Why do motorcyclists ride where they do within a lane?

"In most cases it's to maximize visibility, both for them and for other drivers," Rosene said. "The more room they take up in a lane, the more visible they are."

That's why riders prefer riding side by side, rather than "stacked up." When more than one rides, riding to the side allows them to see better, rather than having another rider blocking their view.

Does that mean larger bikes are safer?

"Not necessarily. Larger bikes have more lights, but not as a blanket statement (they aren't safer)."

At stoplights, how much space should be left around the motorcycle? Are there special rules, or treat it like a car? How close should a rider get to the car?

"Treat it like a car. He's treating you like an enemy, I hope, someone who is out to kill him."

Motorcycles are entitled to the full width of the lane on the road and the full parking spot in lots, just like a car.

How hard is it to fall over? When a motorcycle is changing lanes or leaning into a turn, is falling a concern?

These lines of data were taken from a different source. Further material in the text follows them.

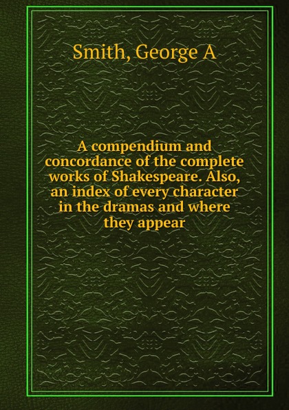 A book cover with a green background featuring a title 'SMITH, GEORGE A.' in a golden font at the top. Below the title, there is a quote in a smaller font that reads 'A COMPENDIUM AND CONCORDANCE OF THE COMPLETE WORKS OF SHAKESPEARE. ALSO, AN INDEX OF EVERY CHARACTER IN THE DRAMAS AND WHERE THEY APPEAR.' The cover has ... | George A. Smith A compendium and concordance of the complete works of Shakespeare. Also, an index of every character in the dramas and where they appear \xd0\xbe\xd1\x82\xd1\x81\xd1\x83\xd1\x82\xd1\x81\xd1\x82\xd0\xb2\xd1\x83\xd0\xb5\xd1\x82 a concordance to shakespeare | 374815fe84ea73b647184a73519a726420a75fb0180b692722057b29f7ba959e | 000720969198 | 0 | 0 | 69 | 31 | 0 | 0 | |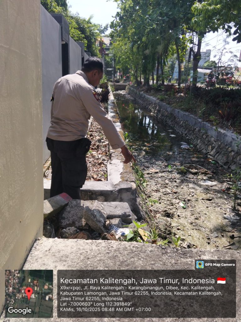 Lamongan, Analisajatim.id – Guna mengantisipasi potensi banjir yang kerap terjadi akibat perilaku masyarakat membuang sampah sembarangan ke sungai, jajaran Polsek Kalitengah Polres Lamongan melaksanakan Patroli Kota Presisi (PKP) pada Kamis (16/10/2025) pukul 08.30 WIB hingga selesai.
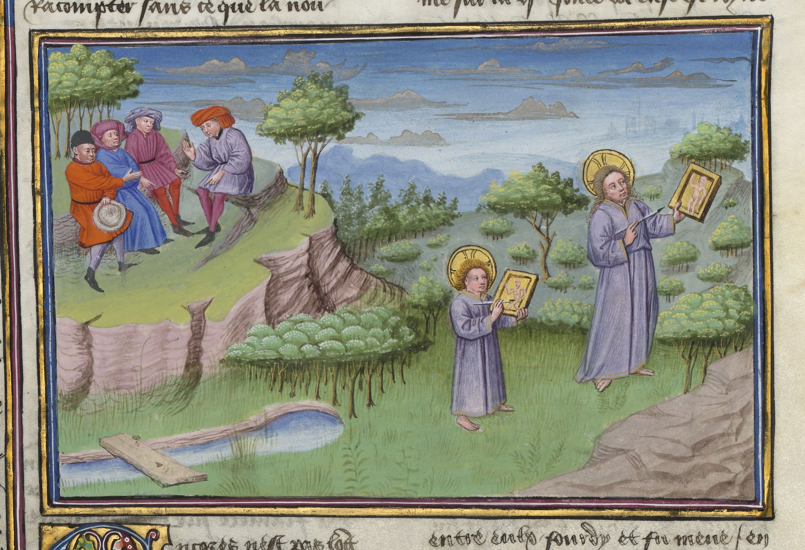 Parigi, Bibliothèque de l'Arsenal, 5070, f. 229v. Il copista del manoscritto è Guillebert de Mets. Michele Scalza discute con i suoi amici sulla collina di Montughi; Dio bambino impara a disegnare; Dio adulto mostra un disegno compiuto.

"It's kind of tough (to fall). The faster you go, the more stable you are, just like riding a bicycle when you're a kid. When you're still, it's hard to stay up. (The physics of it, with wheel speed) is the faster they go, the more likely it is they're going to stay up."

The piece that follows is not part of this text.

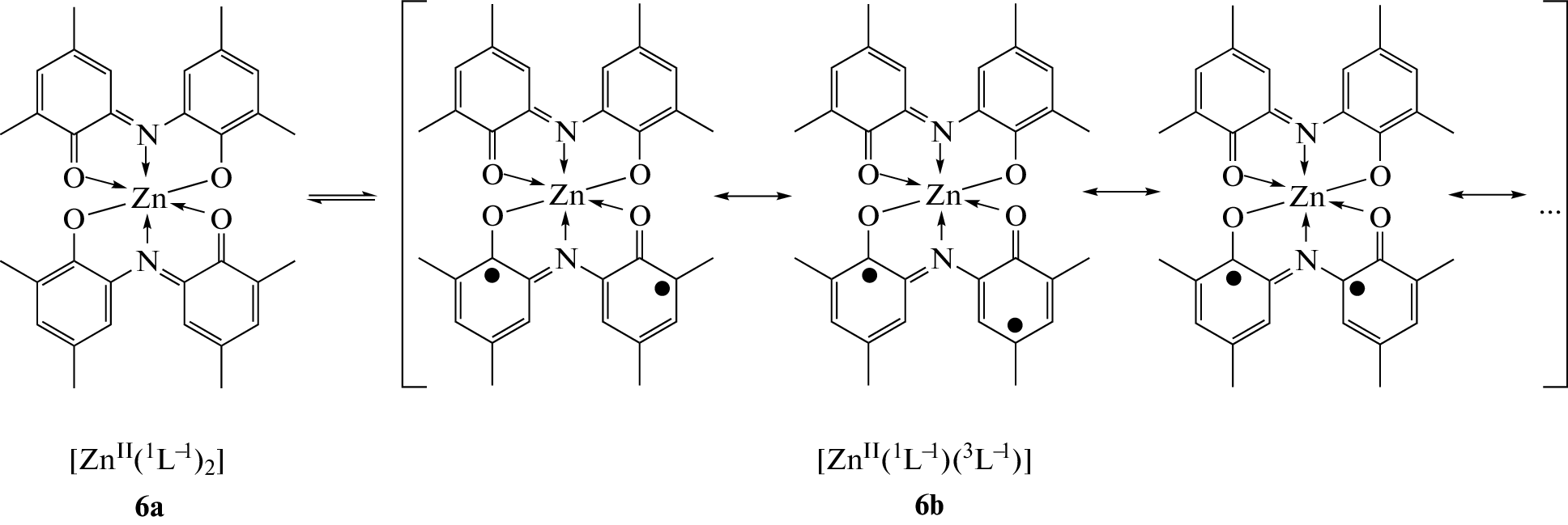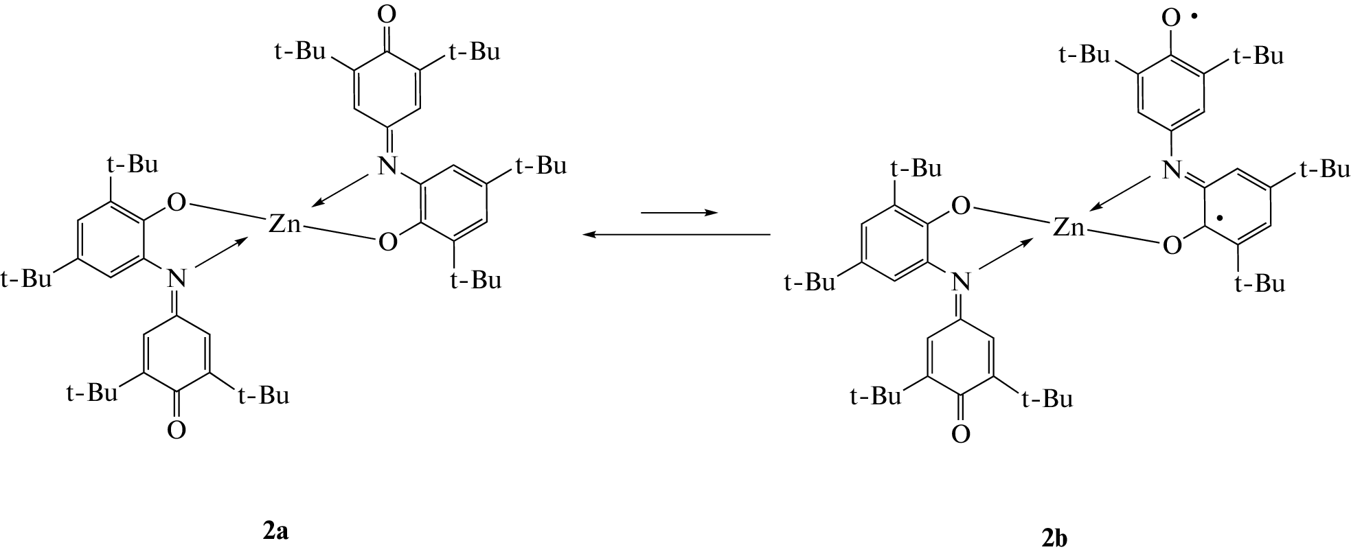 Zinc(II) complexes 2, 3, and 5 with redox-amphoteric o-indophenol ligands were prepared. The molecular structures of tetracoordinate complex 2 and hexacoordinate complex 3 were determined by single-crystal X-ray diffraction. The antioxidant properties of indophenols and their complexes were studied by cyclic voltammetry (CVA) and EPR spectroscopy. Complexation of indophenols increases the oxidation potentials by more than 0.84 V and leads to the formation of stable metal-containing radicals.

Most accidents occur at intersections, Rosene said.

How many times have you fallen, or had to lay down the bike?

"Twice. In each case I learned to go slower."

In Rosene's first fall, he was driving about 10 mph and going from an asphalt road to gravel. The second he was riding about 30 mph and it was raining, so the road became slippery. He was not injured either time.

Insurance must be expensive?

"Motorcycle insurance is generally a lot less expensive than a car. Mine is about $70 a year (for a 1982 900 Honda). They're a lot more economical than a car, and a lot more fun."

"Helmets are expensive. If you buy a less expensive, lower quality helmet, they're heavy and uncomfortable, they don't fit right," Rosene said. People are less likely to wear uncomfortable helmets.

Rosene wears a helmet. "Every time," he said.

Danger, by the numbers

* Motorcycle fatalities accounted for 16 percent of all vehicle fatalities, but about 3 percent of vehicle registrations.

* About half of motorcycle rider deaths occur in crashes involving only the motorcycle.

* About 40 percent of those motorcyclists with fatal injuries had alcohol in their bloodstream.

* The motorcyclist contributed to the cause of the crash in about 75 percent of fatal motorcycle crashes.

* Injuries result in 72 percent of all motorcycle crashes.